New TensorRT Model occupying more GPU Memory as compared to older version


I am converting a tensorflow model (.h5 → saved_model_format → tensorrt model) to a tensorrt model using tensorflow 2.5.0 (attached It is (tensorrt model) is occupying almost 3.5GB of GPU Memory.
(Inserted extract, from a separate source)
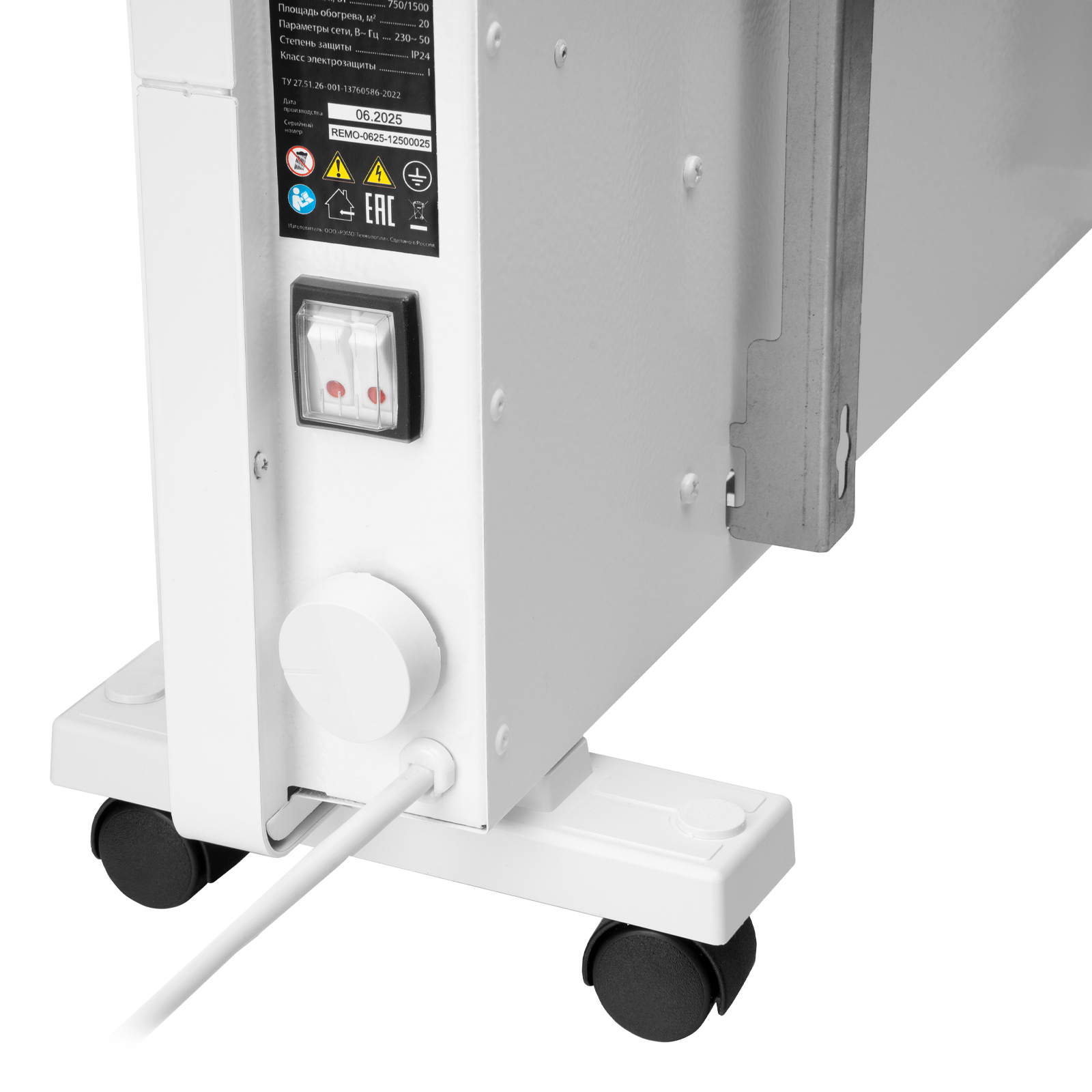 - 2 режима работы (полный обогрев на мощности 1500 Вт и частичный на 750 Вт) — конвектор позволяет прогревать холодное помещение и поддерживать тепло в отапливаемом.

If I load the same model in the below specified environment, then the tensorrt model is occupying max ~1.1GB of GPU memory:
TensorRT Version:
GPU Type: GeForce RTX 2080 Ti
Nvidia Driver Version: 418.87.00
CUDA Version: 10.1
CUDNN Version: 7.6.2
Operating System + Version: Ubuntu 16.04.7 LTS
Python Version (if applicable): 3.6.13
TensorFlow Version (if applicable): 1.14.1
PyTorch Version (if applicable): NA
Baremetal or Container (if container which image + tag): NA

I also tried using tensorrt-nv-tensorrt-repo-ubuntu1804-cuda11.3-trt8.0.1.6-ga-20210626_1-1_amd64.deb with TF2.5, but the code won’t run as it requires And the code only runs if we use CUDA11.1.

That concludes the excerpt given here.